Inexperienced bathers will find it difficult to follow the
expected route from hot to cold pools, followed by a steam bath or
sauna and a dip into the plunge pool.
Fortunately, however, this alternation between scalding and
freezing pools is not mandatory and you can choose to lie back and
stare up at the little piece of history that is the dome. This bath
was a favourite of Budapest bathers before it closed for renovation,
and numbers are now slowly building up again.

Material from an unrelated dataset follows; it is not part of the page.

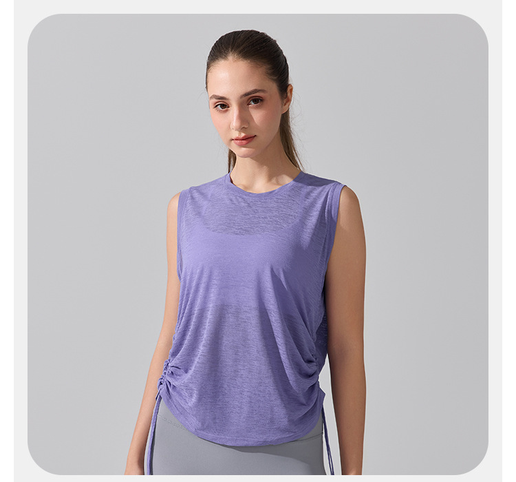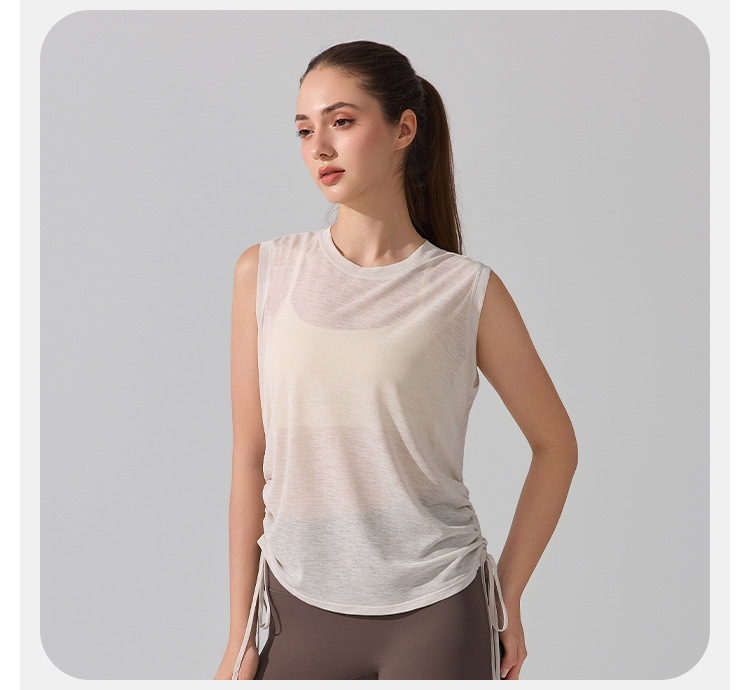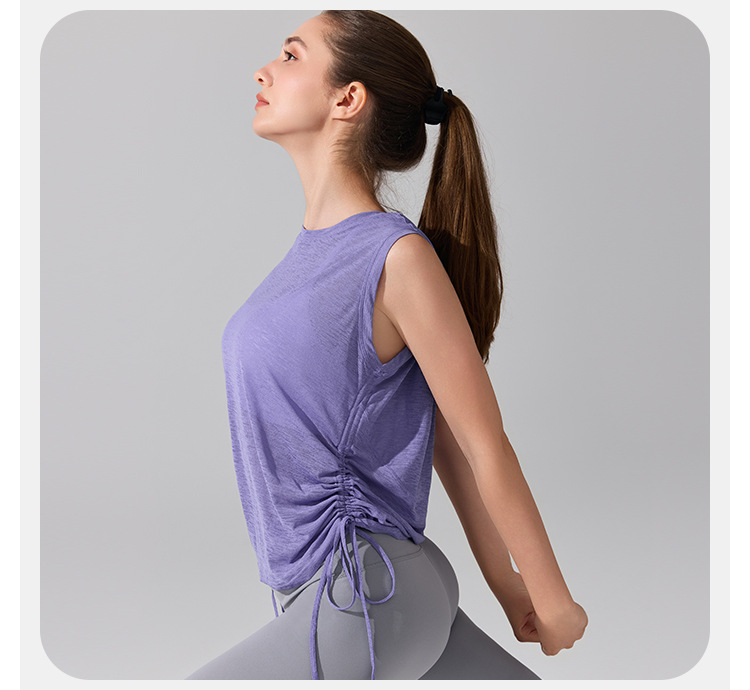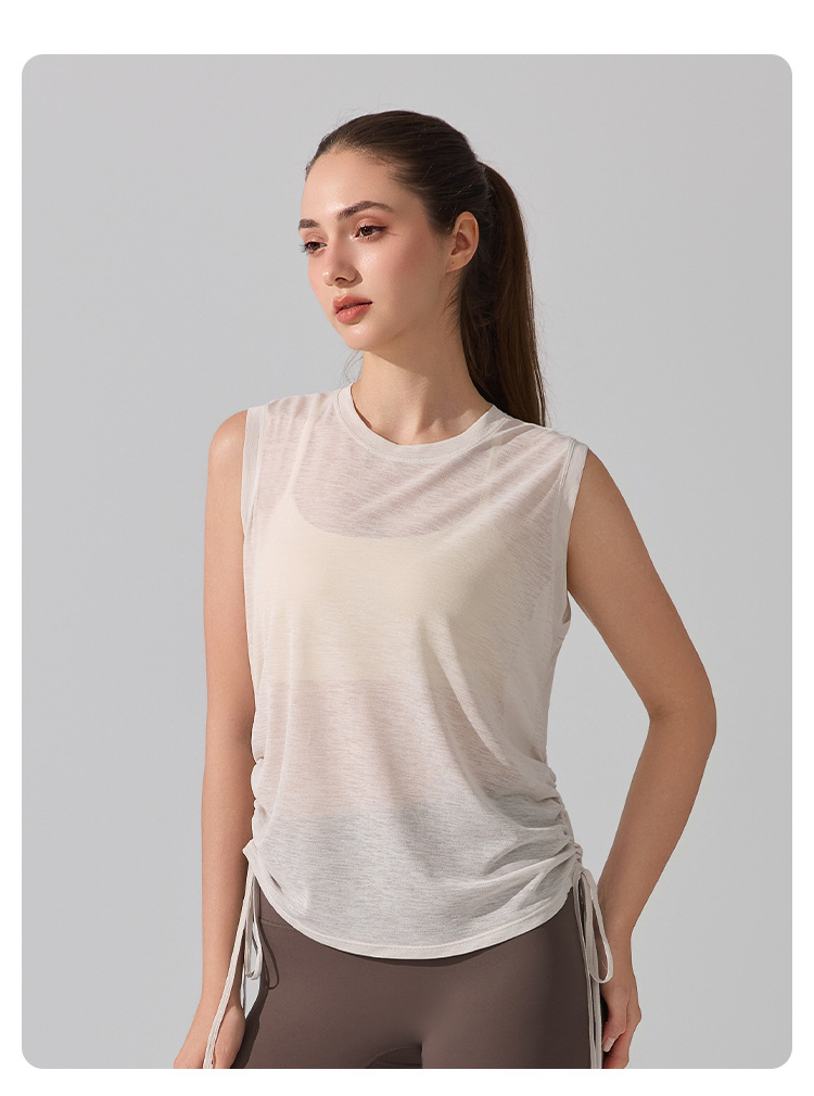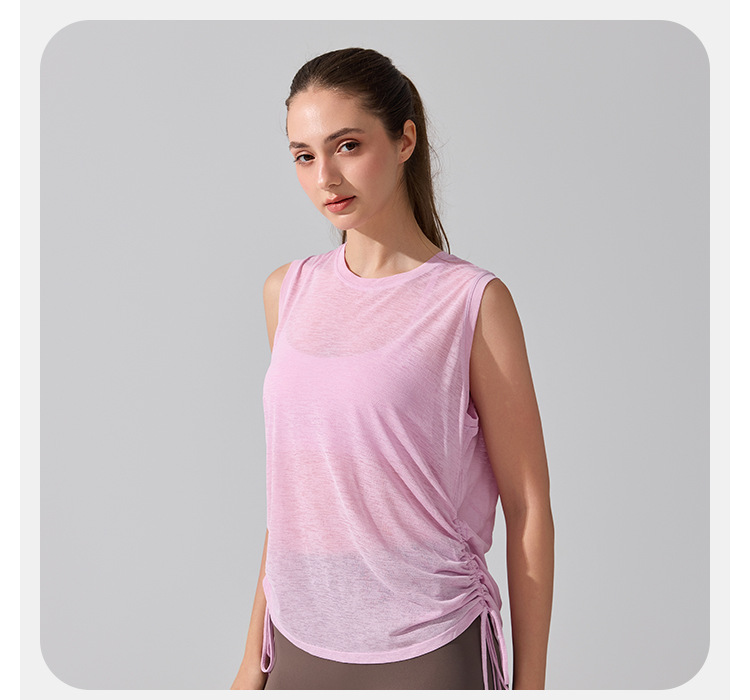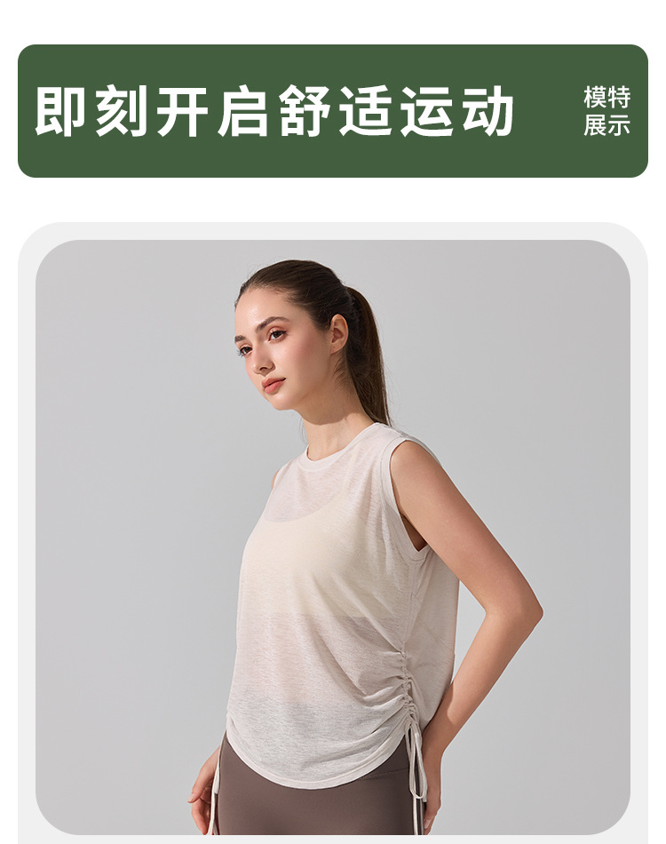 국경 간 느슨한 요가 원피스 블라우스 헴 그린 민소매 탑 달리기 훈련 외부 착용 가벼운 여름 피트니스 옷스토어 가기

Many people go on a Friday, when it is open from 10pm to 4am the
next day, and it is the perfect way to unwind and ease into the
weekend.
During the renovation, many hidden treasures were unearthed. Some
of these finds, such as the water pipes from the Ottoman period, are
exhibited behind glass walls. The other well-known bath is the
Gellert. Although the Gellert does not offer quite as pleasant a
bathing experience as Szechenyi and Rudas, it makes up for it with a
wonderfully grand interior.
The bath is attached to the
Gellert hotel in an Art Nouveau building, and boasts Roman
statues and stained-glass windows.
The ticketing system is complex and many complain about the
unfriendly staff, but it's well worth a visit, if only to wallow in
the opulence.
Some bizarre treatments are available, and those who don't fancy
being pummelled half to death by a stony-faced masseur can endure
galvanisation and carbon-acid tubs, among other things.